Assignment
Repeat the whole listing below precisely. Omit all pictures.
== Data records ==
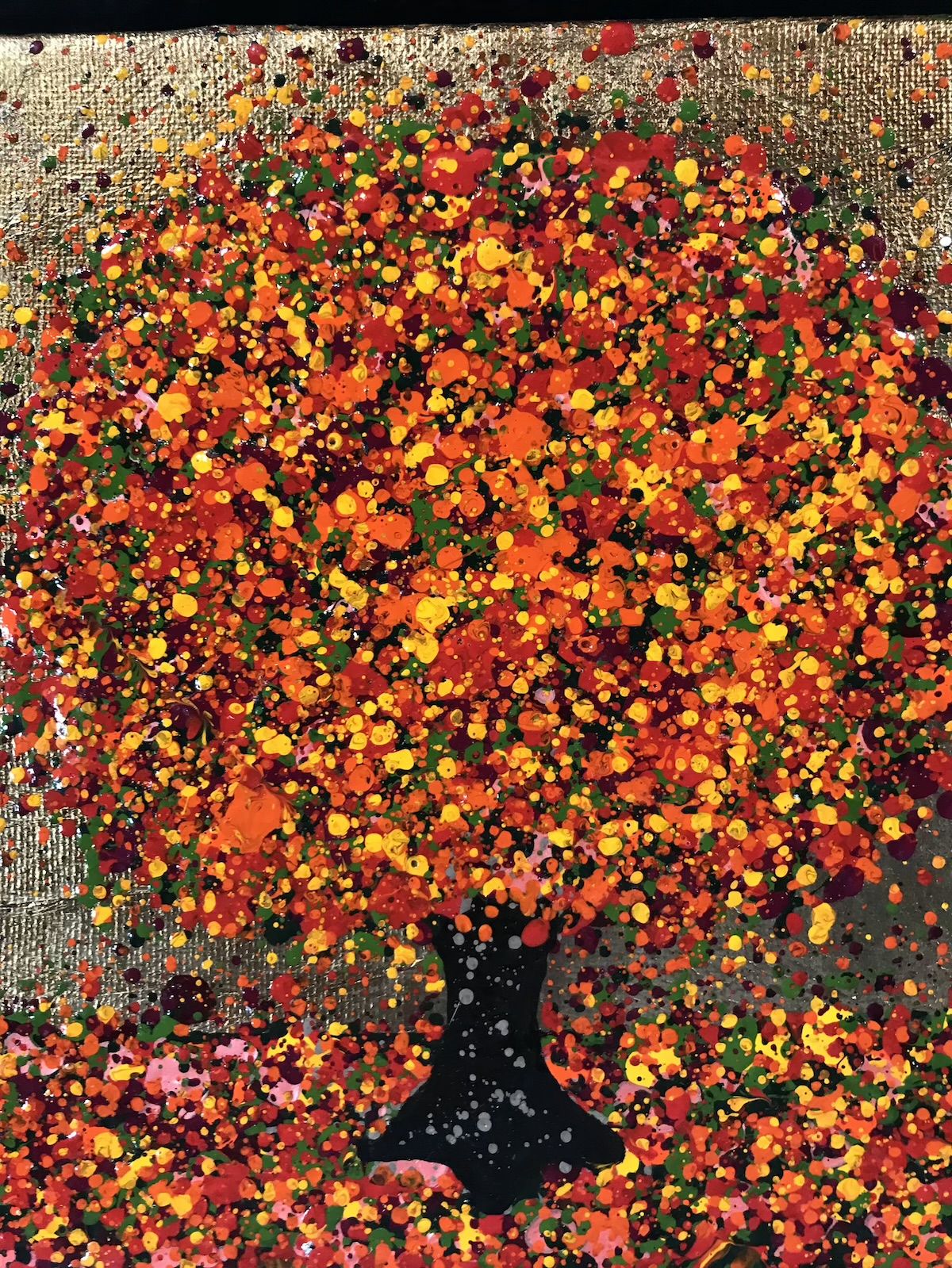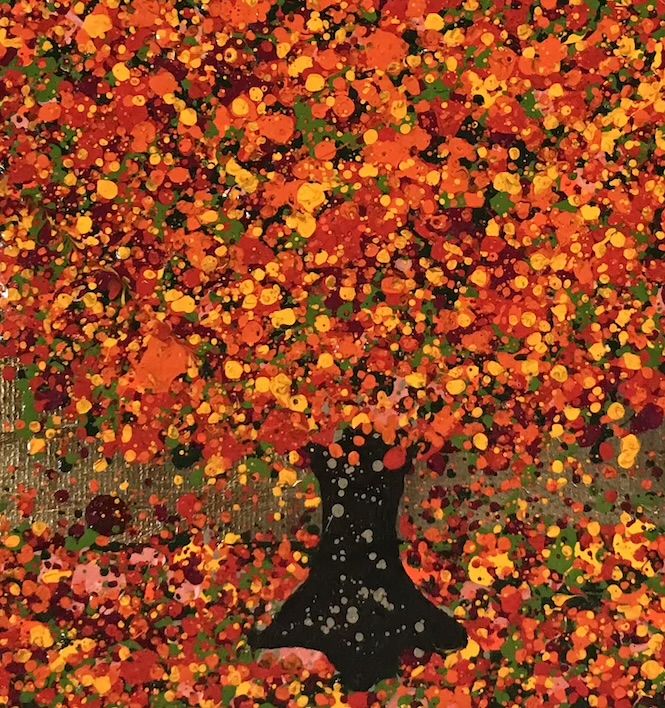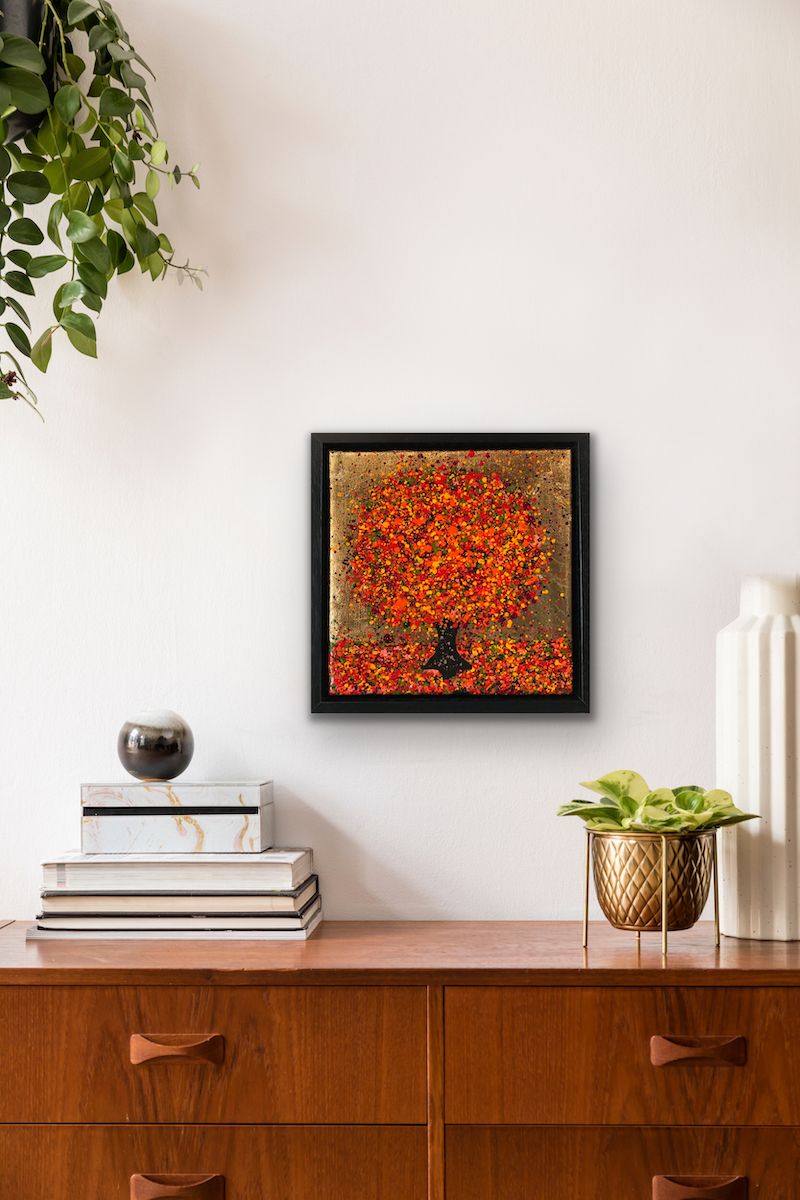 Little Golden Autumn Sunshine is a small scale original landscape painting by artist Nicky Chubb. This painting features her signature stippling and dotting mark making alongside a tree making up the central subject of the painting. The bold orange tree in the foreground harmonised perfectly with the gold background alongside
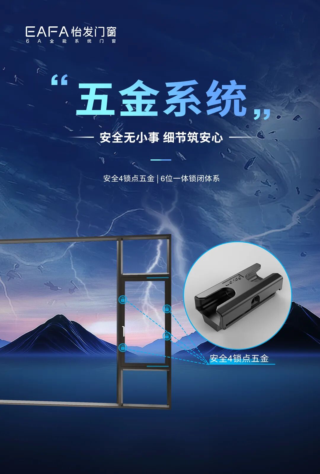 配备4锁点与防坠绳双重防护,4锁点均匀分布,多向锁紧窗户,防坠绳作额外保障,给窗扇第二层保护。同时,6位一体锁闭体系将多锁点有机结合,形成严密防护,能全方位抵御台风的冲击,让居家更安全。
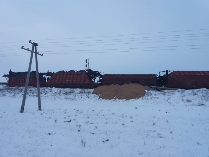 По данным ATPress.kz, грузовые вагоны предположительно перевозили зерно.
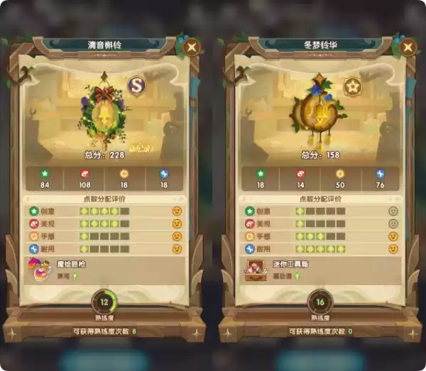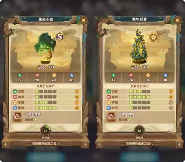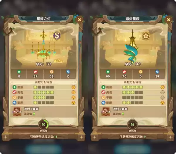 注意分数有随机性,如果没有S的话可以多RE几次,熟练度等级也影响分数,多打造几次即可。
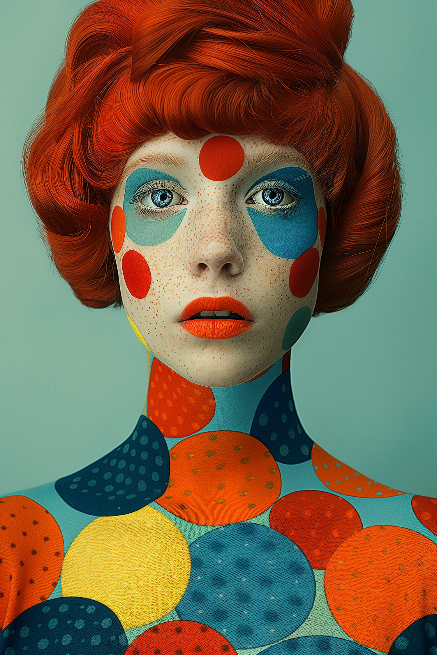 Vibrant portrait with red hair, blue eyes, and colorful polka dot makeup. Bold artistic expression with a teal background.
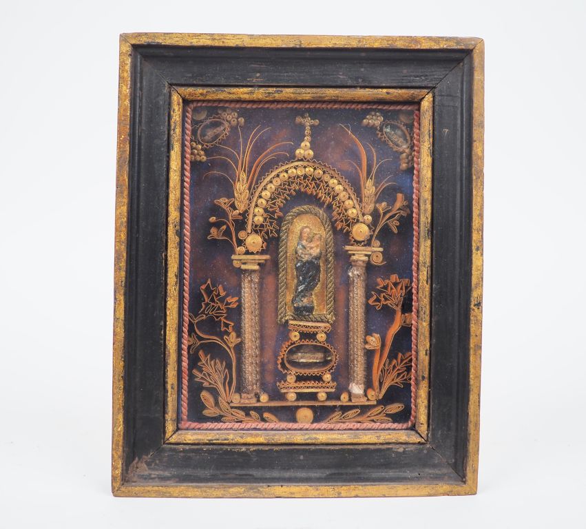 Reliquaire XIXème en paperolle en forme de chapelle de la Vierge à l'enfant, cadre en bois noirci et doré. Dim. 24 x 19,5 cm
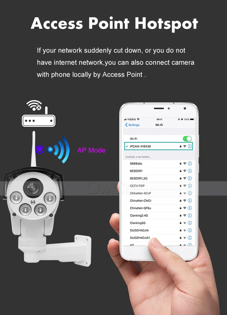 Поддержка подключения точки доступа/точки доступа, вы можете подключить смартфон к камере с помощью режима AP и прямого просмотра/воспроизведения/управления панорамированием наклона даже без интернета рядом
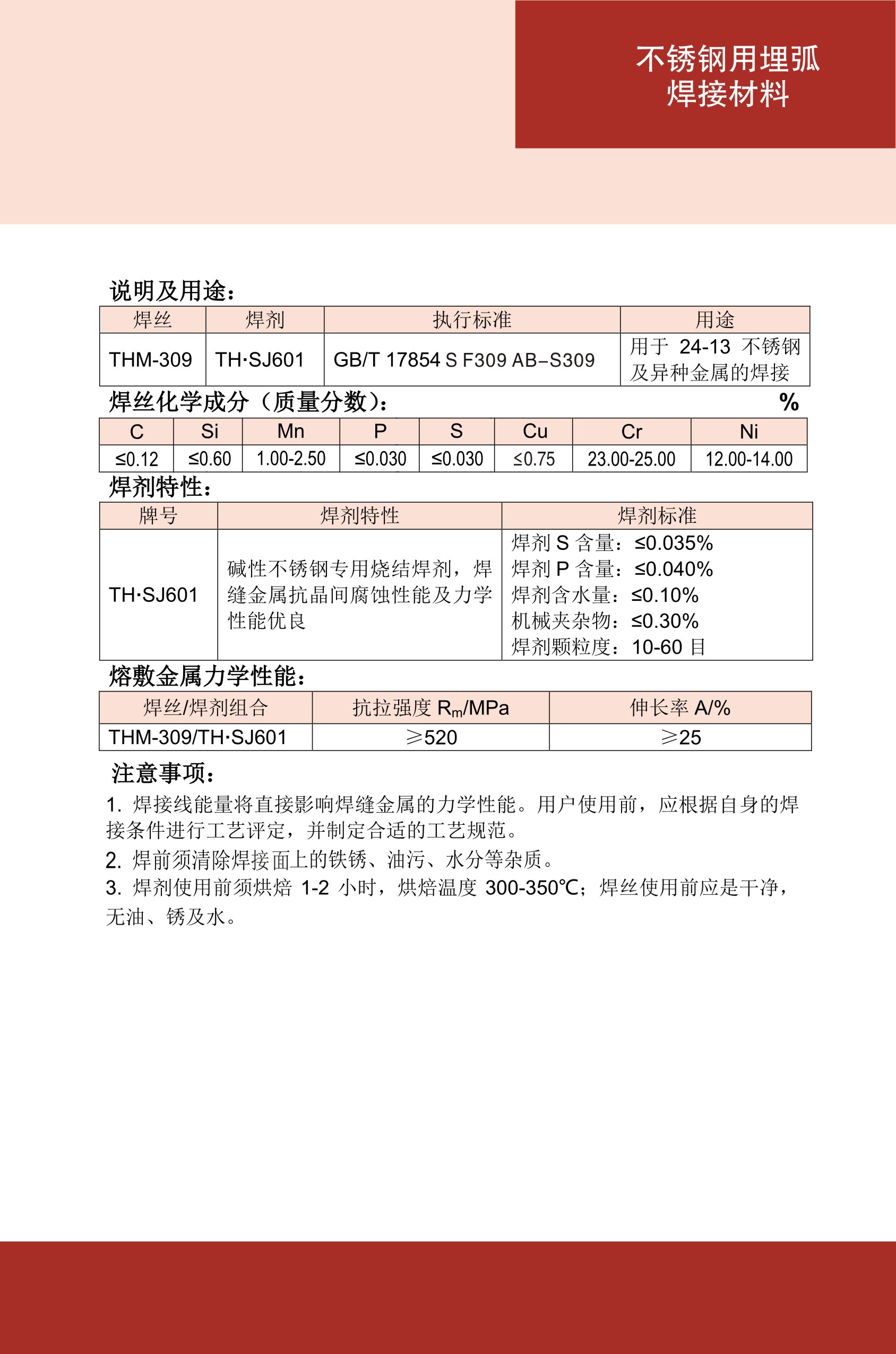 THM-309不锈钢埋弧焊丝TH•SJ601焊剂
===
Completed task
 Little Golden Autumn Sunshine is a small scale original landscape painting by artist Nicky Chubb. This painting features her signature stippling and dotting mark making alongside a tree making up the central subject of the painting. The bold orange tree in the foreground harmonised perfectly with the gold background alongside
 配备4锁点与防坠绳双重防护,4锁点均匀分布,多向锁紧窗户,防坠绳作额外保障,给窗扇第二层保护。同时,6位一体锁闭体系将多锁点有机结合,形成严密防护,能全方位抵御台风的冲击,让居家更安全。
 По данным ATPress.kz, грузовые вагоны предположительно перевозили зерно.
 注意分数有随机性,如果没有S的话可以多RE几次,熟练度等级也影响分数,多打造几次即可。
 Vibrant portrait with red hair, blue eyes, and colorful polka dot makeup. Bold artistic expression with a teal background.
 Reliquaire XIXème en paperolle en forme de chapelle de la Vierge à l'enfant, cadre en bois noirci et doré. Dim. 24 x 19,5 cm
 Поддержка подключения точки доступа/точки доступа, вы можете подключить смартфон к камере с помощью режима AP и прямого просмотра/воспроизведения/управления панорамированием наклона даже без интернета рядом
 THM-309不锈钢埋弧焊丝TH•SJ601焊剂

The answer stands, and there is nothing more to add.